It also knocks your ability to do English!
Surely you know of Minard's famous graphical depiction of the data relating to Napoleon's retreat from Moscow ?
In a 2-D graphic of relatively simple design (certainly very easy to interpret) he captures 6 dimensions:
- latitude
- longitude
- time
- temperature
- number of men left in the army
- direction of march
(it can be argued that the 6th, direction, may be inferred from the 1st three and is therefore not truly a separate dimension)
AC1, that was what got me thinking.
ND, nobody has ever topped that one.
Of course I'd put the shoe buying events in 11 separate rows, and use a query to group them by days.
AC1, on reflection, the dimension of 'time of day' is a subset of 'date of year'.
But you can easily add as many fields as you like to the database (price, colour, lace up or slip on etc) and a computer will manipulate it in any number of dimensions, the question is, although we know those dimensions exist, WHAT DO THEY LOOK LIKE?

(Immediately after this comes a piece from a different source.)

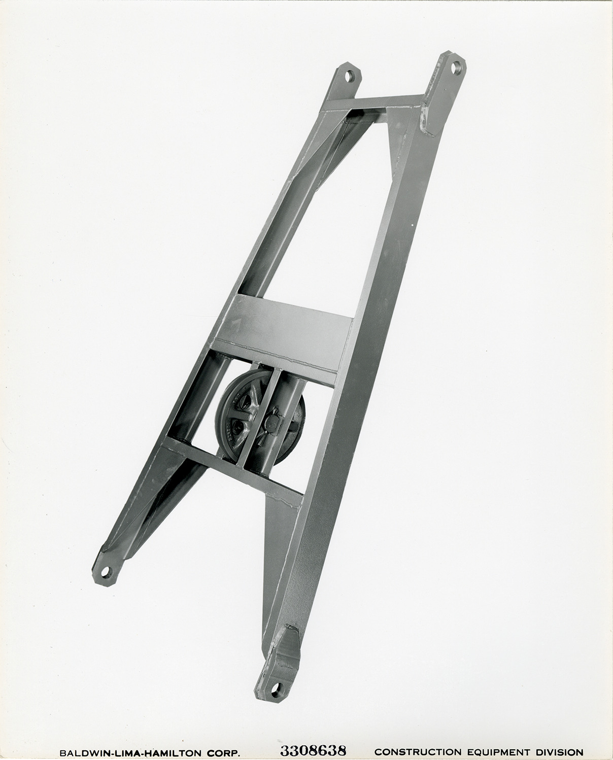 View of an unidentified component for a crane shovel manufactured by the Baldwin-Lima-Hamilton Corporation. Printed on front: "Baldwin-Lima-Hamilton Corp. 3308638. Construction Equipment Division."

You can only look at 3d projections of the hyperspaces. It's pointless to try.
"data" is plural - if in doubt, consult Cambridge Tripos papers.
And "data" is pronounced dahta not dayta. If in doubt, consult the lyrics of Lorenz Hart.
data is a star trek robot. If in doubt vast areas of the interweb are dedicated to "him".
I don't have a problem using multidimensional arrays in BASIC, but I must admit to being too thick to visualise them.
The way to visualise it is that when you add the fourth dimension, you now have a LINE OF CUBES. Thus the fourth dimension is which cube along that line you're looking in.
Then, when you need a fifth dimension, you have an area of cubes - each cube has two co-ordinates and itself contains three.
For six dimensions you now have a cube of cubes.
When it gets to seven, you have a line of cubes of cubes.
And so on.
No limits except after a while your brain may explode thinking about it.
Like Dave H, I had to start thinking like this when programming - though in my case, being an old git, it was Fortran IV.
Surprised you didn't mention Heinlein's And he built a crooked house.
Like other readers here I work with multi dimensional data structures, but I can't say I find it in any way useful to try to visualise them. For me, it's enough that the number of dimensions is simply the number of pieces of information needed to locate a single point.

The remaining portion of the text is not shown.